Swizec Teller - a geek with a hatswizec.com

Senior Mindset Book

Get promoted, earn a bigger salary, work for top companies

Senior Engineer Mindset cover
Learn more

    How to debug unified, rehype, or remark and fix bugs in markdown processing

    Ever had to debug a compiler? It's hard.

    Typical engineering wisdom goes that if you blame the compiler, you're wrong. You messed up and can't figure it out and it is not the compiler's fault.

    But sometimes it is.

    I'm working on a script to convert Wordpress exports to Markdown and after months of tinkering, noticed a terrible bug. JSX code samples don't work.

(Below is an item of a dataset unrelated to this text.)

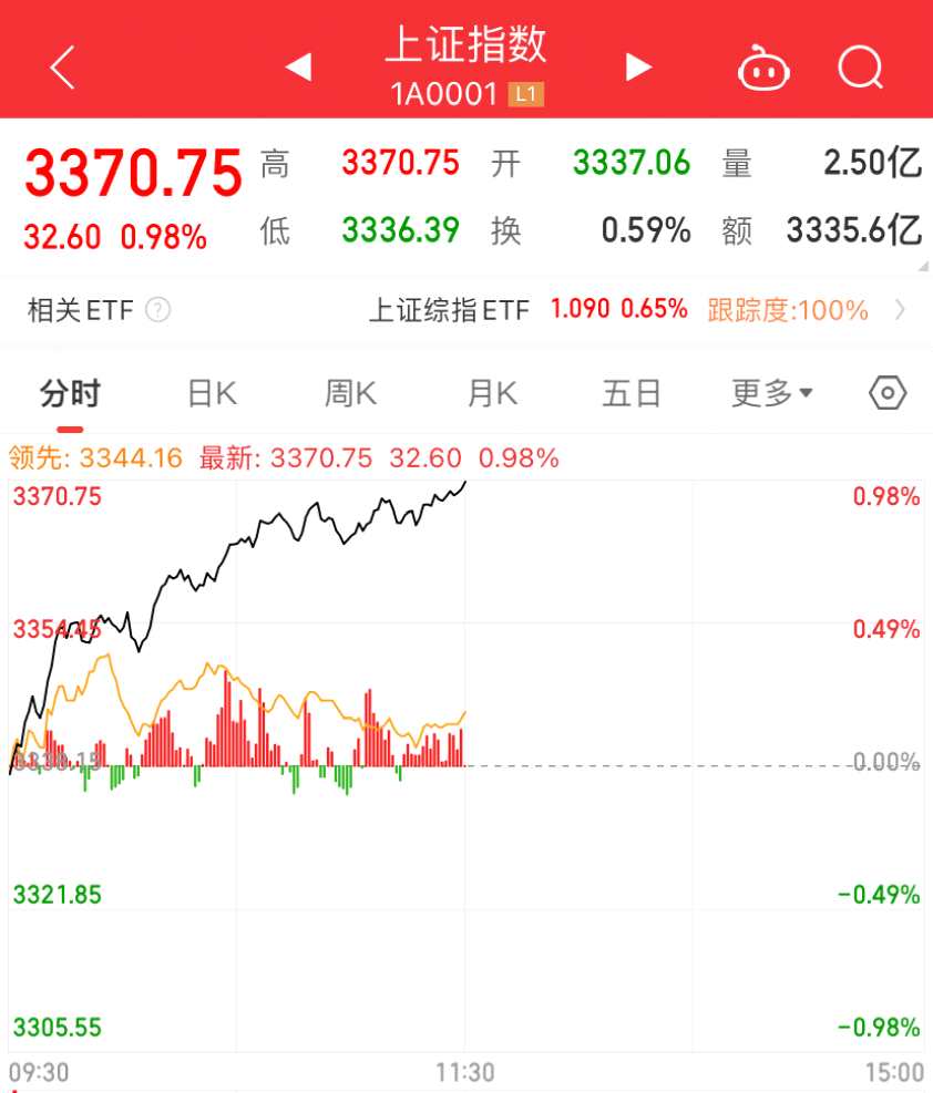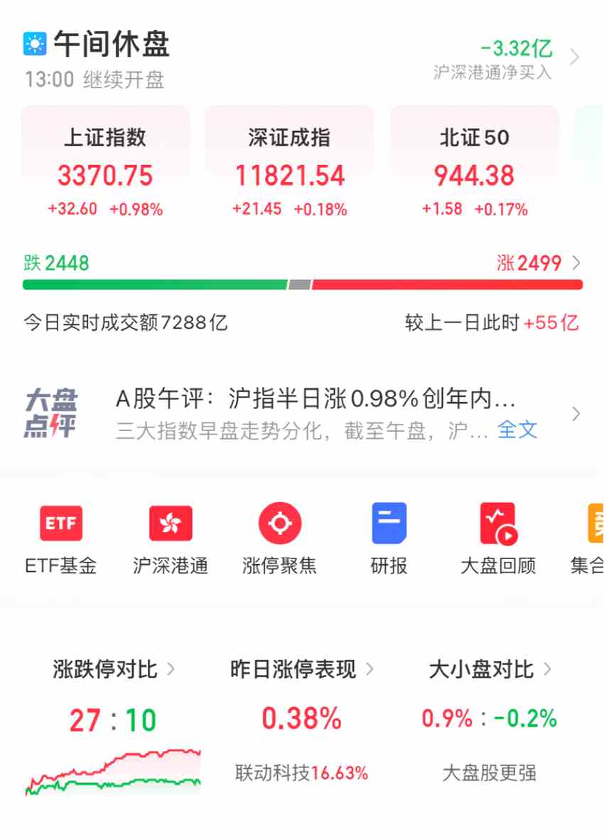 上午收盤,上證指數(shù)收漲0.98%,報(bào)3370點(diǎn);主要受益于石油石化、保險(xiǎn)、銀行等中字頭股票表現(xiàn),深證成指、創(chuàng)業(yè)板和科創(chuàng)板表現(xiàn)稍遜,深證成指漲0.18%,創(chuàng)業(yè)板指數(shù)受傳媒、醫(yī)療等拖累反而微跌0.05%,科創(chuàng)50指數(shù)漲0.22%,個(gè)股2499只上漲,2448只下跌,成交額7288億元,較上個(gè)交易日有所放大。

    You take this bit of Wordpress source code:

    <pre lang="javascript">
    class ReportSize extends React.Component {
      refCallback = element => {
        if (element) {
          this.props.getSize(element.getBoundingClientRect());
        }
      };
    
      render() {
        return (
          <div ref={this.refCallback} style={{ border: "1px solid red" }}>
            {faker.lorem.paragraphs(Math.random() * 10)}
          </div>
        );
      }
    }
    </pre>
    

    And you get this output:

    class ReportSize extends React.Component {
      refCallback = element => {
        if (element) {
          this.props.getSize(element.getBoundingClientRect());
        }
      };
    
      render() {
        return (
    
            {faker.lorem.paragraphs(Math.random() * 10)}
    
        );
      }
    }
    

    But you're supposed to get this:

    ``javascript
    class ReportSize extends React.Component {
      refCallback = element => {
        if (element) {
          this.props.getSize(element.getBoundingClientRect());
        }
      };
    
      render() {
        return (
    
            {faker.lorem.paragraphs(Math.random() * 10)}
    
        );
      }
    }
    ``
    

    The compiler that translates plain Wordpress HTML to Markdown makes a mistake. Sees HTML inside a code sample, parses it as HTML, then silently drops it.

    🙃

    How would you fix this?

    I verified the input is all correct until it goes into the html-to-markdown compiler. That's always a good first step. Garbage in, garbage out

    How compilers work

    EDCVI2Q

    Compilers work in 3 stages.

    1. The front-end parses text inputs into an Abstract Syntax Tree – AST
    2. The middle-end manipulates the AST to add optimizations and other changes
    3. The back-end turns your AST back to text

    That's the general idea. You can read about compilers in more detail in my LOLCODE-to-JavaScript compiler article.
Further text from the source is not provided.